Converting from 23andMe to VCF
The raw 23andMe results can be downloaded as a tab-delimited file with four columns, the marker ID, chromosome name, position and the genotype:
rs6139074 20 63244 AA rs1418258 20 63799 CC rs6086616 20 68749 TT rs6039403 20 69094 AG
The dot “.” can be used for a marker ID in case it is not known.

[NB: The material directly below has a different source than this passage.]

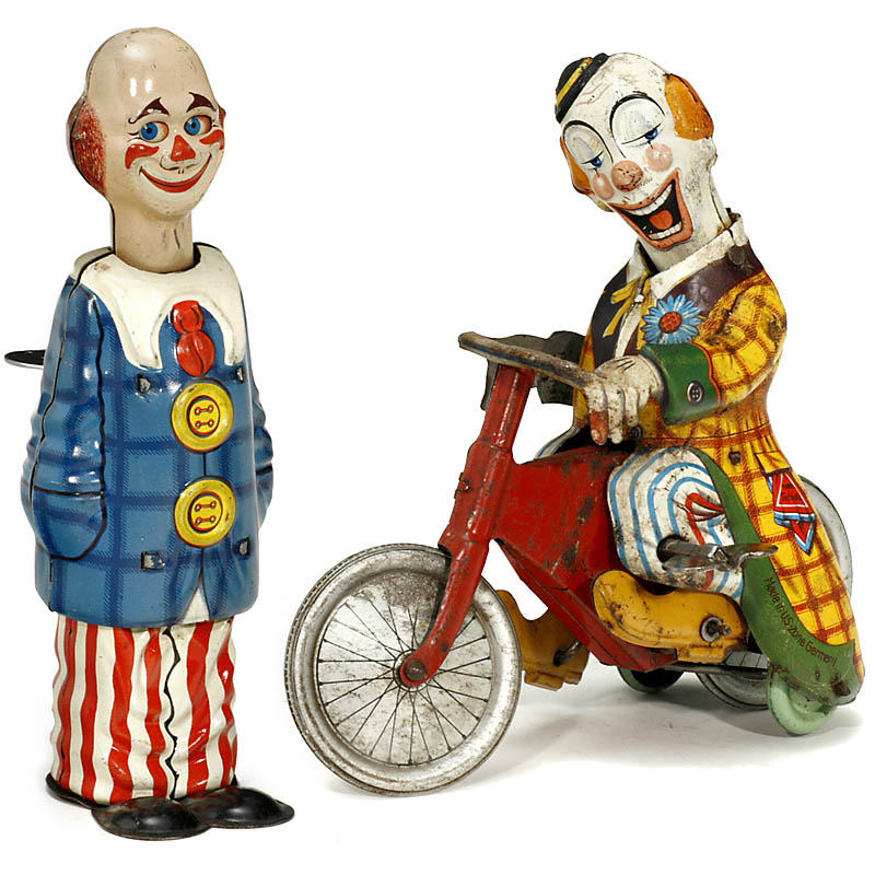 2) "Merry Clown on Motorcycle" by Technofix, height 5 ½ in., US-Zone Germany. (3-/2)

The conversion command is then:
bcftools convert --tsv2vcf input.tab.gz -f ref.fa -s SampleName -Ob -o sample.bcf
It is important to check the output printed on the screen, which may look for example like this:
Rows total: 612647 Rows skipped: 4751 Missing GTs: 20525 Hom RR: 318339 Het RA: 165598 Hom AA: 103420 Het AA: 14
Here the program converted more than 95% of the rows, in the example 20525 genotypes are missing (“--”) and 4751 sites were skipped because the tool only considers SNPs and ignores deletions and insertions.
One should also check the number of non-reference heterozygous genotypes, which
was 14 in this example. It should be small like this, because large number of
heterozygous alts (
Het AA) indicates that the input alleles are not on the
forward strand. We can check this explicitly using the fixref plugin.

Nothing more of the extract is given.